Large Concentrating Solar Power plants create the thermal energy equivalent to conventional fossil fuel power plants. After the sun sets, CSP plants generate electricity from cost-effective thermal storage, providing 24-hour service to the power grid.
Consider the solar energy potential of one acre of land. There are 43,560 square feet in an acre. Divide the number of square feet in one acre by 9 (the number of square feet in one square yard) and you find that there are 4,840 square yards in one acre of land. A CSP dish, tower, or trough receiving an acre of sunshine would yield about (1.5 kilowatt-hours per square yard times 4,840 square yards per acre) 7,260 kilowatt-hours of electricity per day, at 30% efficiency. One acre has enough solar energy potential to yield 7.26 megawatt-hours of electricity per day, using technology that exists now. (Every thousand kilowatts is one million watts. A million watts is a megawatt.)
Consider the solar energy potential of one square mile of land. A square mile is 640 acres. One square mile of sunshine has the potential of providing (640 acres x 7.26 megawatt-hours) 4,646 megawatt-hours per day of electricity using existing CSP technology at 30% efficiency.
Ten thousand square miles is a plot of land 100 miles long by 100 miles wide. Multiply 640 acres by 10,000 square miles equals 6,400,000 acres. With a yield of 7.26 megawatt-hours of electricity per day per acre, a CSP system receiving 6,400,000 acres of sunshine would produce about 46,464,000 megawatt-hours of electricity per day.
What does this mean? The entire State of California uses about 50,000 megawatt-hours of electricity per hour at peak time, and much less during off-peak hours:
- Sweltering California declares power emergency —Cal ISO expects record demand at 52,336 megawatts.
- www.energy.ca.gov/electricity/2004-07-08_SUMMER_DEMAND.PDF size: 68 Kb
- www.energy.ca.gov/electricity/2003-01-28_OUTLOOK.PDF size: 170 Kb
- www.energy.ca.gov/electricity/peak_demand/2002-07-10_CHART.PDF size: 20 Kb
Suppose that California uses an average of 38,000 megawatt-hours of electricity per hour over a 24-hour period, then 24 hours x 38,000 megawatts = 912,000 megawatt-hours per day, multiplied by 365 = 333,880,000 megawatt-hours per year. The supposed average is too high because, in 2005, California actually consumed 288,245,000 megawatt-Hours (MWh) for the entire year: www.energy.ca.gov/electricity/gross_system_power.html
A CSP farm large enough to capture the solar energy radiating on an area of land 100 miles long by 100 miles wide can produce about 50 times more electricity in a day than California consumes in a 24-hour period. For example, 50 x 912,000 = 45,600,000 megawatt-hours per day.
Imagine driving your car 100 miles along one side of the CSP farm, then turning 90 degrees right and driving 100 miles along another side, then turning 90 degrees right again and driving another 100 miles, then making another 90-degree right turn and driving another 100 miles to complete driving a 100-mile square. Inside that area are 10,000 square miles or 6,400,000 acres.
A 10,000 square-mile solar energy farm that produces 46,464,000 megawatt-hours of electricity per day would produce 365 x 46,464,000 = 16,956,360,000 megawatt-hours of electricity per year or about 17 trillion kilowatt-hours, which is 17,000 terawatt-hours or 17 petawatt-hours.
Tera – (symbol: T) is a prefix in the SI system of units denoting 1012, 1 Trillion, or 1,000,000,000,000 (1 million million) therefore, 1 terawatt = 1 Trillion watts. In physics and mathematics, peta- (symbol: P) is a prefix in the SI (system of units) denoting 1015, 1 Quadrillion or 1,000,000,000,000,000 (one billion million) therefore, 1 petawatt = 1 Quadrillion watts.
The CSP examples above assume 30 percent energy conversion efficiency and 100 percent land use.

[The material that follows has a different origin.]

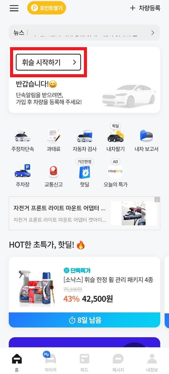 1️⃣ 구글 플레이 스토어 또는 애플 앱스토어에서 "휘슬"앱을 설치합니다. 설치 후 메인 페이지에서 "휘슬 시작하기"를 선택합니다.

In a practical application, not all of the land area will be used. This is because of unfavorable terrain and the need for service roads and land for plant facilities. And, the solar collectors must be individually positioned for optimal orientation to the angle of sunlight and given enough space between collectors to prevent a collector from casting a shadow on adjacent collectors; the result is unused space between the collectors. For these reasons, actual electricity production will be less than the numbers shown in the examples. However, the desert regions of the southwestern United States will easily produce 7 hours of productive sunlight per day and often exceed 1 kilowatt of solar energy per square meter, so in that respect the above calculations are conservative.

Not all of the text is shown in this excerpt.